Вы здесь

Праздник и на нашей улице

“Свержень замечателен одной оригинальной
 улицей, которая почти вся состоит из корчем”.

П. Шпилевский

И сегодня многие улицы и улочки больших и малых городов по всему миру вполне знамениты обилием специальных мест для питания (фото 1). Ибо не духом единым жив человек и устроен так, что вынужден кормиться-питаться, как всякое живое существо.

Наши предки считали, что и боги не прочь полакомиться, потому и несли им требу из лучшего съестного, а само место этой “трапезы” становилось священным алтарем.
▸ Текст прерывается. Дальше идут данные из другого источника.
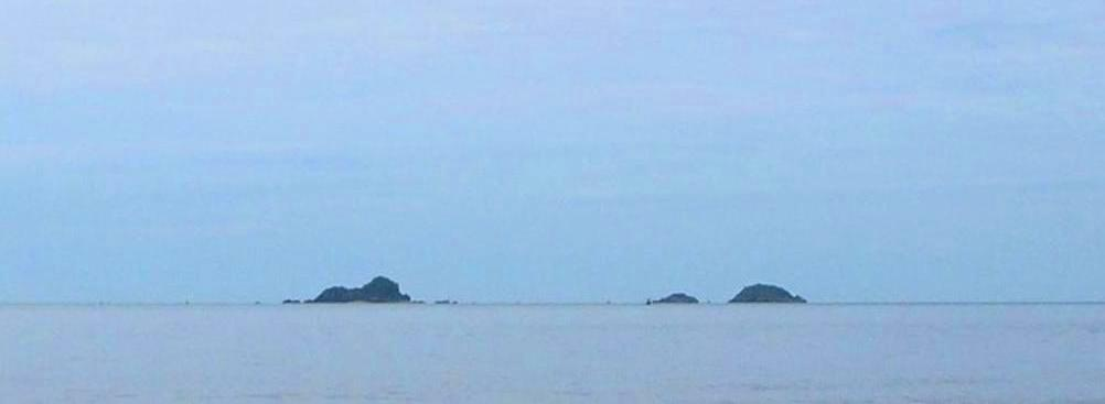 Ko Sai Island

Потому и у людей совместному кушанью-столованию искони придавали значение если и не священнодейства, то значимого события, отводя под него самые большие и светлые комнаты-палаты. У князей-царей над ними работали лучшие зодчие-мастеровые, резчики, живописцы. А саму трапезу-гуляние сопровождали признанные скоморохи, песенники-танцоры, превращая застолье в красочный обряд с шутками-прибаутками, с деловыми беседами-пожеланиями. Потому и сказки наши добрые обыкновенно завершались мировыми пирами-торжествами: “…И я там был…”

Эту всеобщую требу-потребность застолий-общений простолюдины удовлетворяли в корчмах, название которых обнаруживает корни в персидском‚ арабском и турецком языках, означая там “есть”, “кушать” и одновременно расходы‚ издержки на провизию. Мы же вправе отмечать тысячелетие корчем, поскольку начиная с XI века встречаем их следы практически во всех славянских краях. И везде корчма зачастую совмещала в себе и постоялый двор-приют для путников, что вполне логично, поскольку именно они, лишенные своего пристанища, более других нуждались в крове-столе.

Таким образом, размещение корчем вдоль трактов, на их перекрестках стало даже писаным правилом-законом. Так, с присоединением белорусских земель к России новые корчмы дозволялось строить, “наблюдая при этом, чтоб они были при больших дорогах и при церквах”. Все потому, что корчмы “покутные” (в глухих углах-кутах) уходили из-под контроля самодержавного государства. А это уменьшало не только собираемый налог-дань, но и спокойствие, ведь народная корчма копила вольнодумие, стремление “белорусом зваться”. Иначе говоря, корчма представляла собой более глубокое и значительное явление, нежели “общепит”. Благодаря “вольному корчемству” в ней помимо дружеской пирушки чинился суд, разбирались спорные дела заезжих постояльцев, приставы передавали народу постановления правительства… Словом, стародавняя корчма-шинок служила самодеятельной ратушей, этакими политическим клубом, Домом культуры, где не зазорным было петь-плясать и приличным женщинам- “бондаровнам”. “У карчме і ў бані — усе роўныя дваране” (фото 2).
Может, есть-таки смысл в возрождении-поощрении корчемства в контексте развития белорусского села, дабы подвигать не только предпринимательство, но и самобытное в национальной культуре, исконно доброе в нашем народе. Не зря же белорусская корчма долгое время противостояла мрачным во всех отношениях кабакам. Так у татар назывались постоялые дворы, где подавались кушанья и хмельные напитки. У россиян они выродились в сугубо питейное заведение, где еду-закуску попросту запрещали продавать.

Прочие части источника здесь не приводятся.